US ADP data does not bode well for NFP – MP

FXStreet (Barcelona) - Dean Popplewell, Director of Currency Analysis at MarketPulse, reviews the US ADP release and comments on the price action and positioning in USD into the nonfarm payrolls data release tomorrow.

Key Quotes

“The massive position adjustments this week certainly suit a positive dollar reaction to tomorrow’s NFP (+223,000 +5.4% unemployment expected). Whether we get that is the million-dollar question.”

“The weaker dollar long positions have mostly been cleared out, and the DXY has reversed 50% of its post December 2014 rise. Yet higher U.S. rates prevail, with rate divergence being the premise for initiating these long dollar positions in the first place.”

“The USD bulls will be anticipating yields to be driven higher with a stronger headline print. They are expecting U.S. 10s to back up to +2.50% rather quickly.”

“The dollar naysayer believes support is on their side. Yesterday’s April ADP report does not bode well for a stronger April U.S. jobs print tomorrow. The ADP numbers widely missed expectations (+169,000 versus +205,000 expected) and fell to their lowest level in 18 months.”

“Virtually all the job gains were in small and midsized businesses, and were almost all in the service sector with manufacturing losing a small number of jobs.

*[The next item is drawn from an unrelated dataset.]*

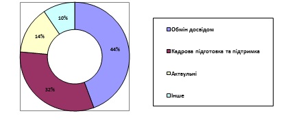 Більшість респондентів (45%) відмітили, що основними питаннями, що мають розглядатись під час засідання РМУ мають бути щодо обміну досвідом зокрема між Вишами, або між ученими різних регіонів України та інших країн. 32% опитаних вважають, що кадрова підготовка молодих науковців є першочерговим завданням, що має бути розглянутим під час засідань РМУ. 14% відзначили до розгляду нагальні актуальні питання, що виникають протягом року, зокрема пошук шляхів ефективної комунікації між вченими та суспільством, між вченими та владою тощо.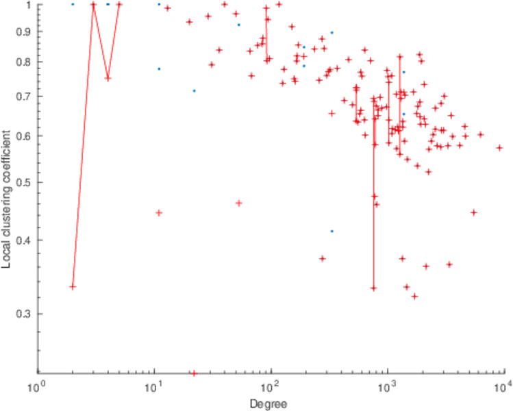 This page shows the average neighbor degree distribution for all networks to which it applies and for which it was computed.

It marks the second month that numbers were below expectation, which of course signified the U.S. government reports a big miss for March (+126,000).”

“The correlation between the two reports is historically not that strong, and has not swayed too many dealers’ opinions for tomorrow’s print. However, a miss would suggest there’s some evidence to add to downside risk. The report indicated that falling oil prices and a stronger dollar is taking a toll on hiring plans.”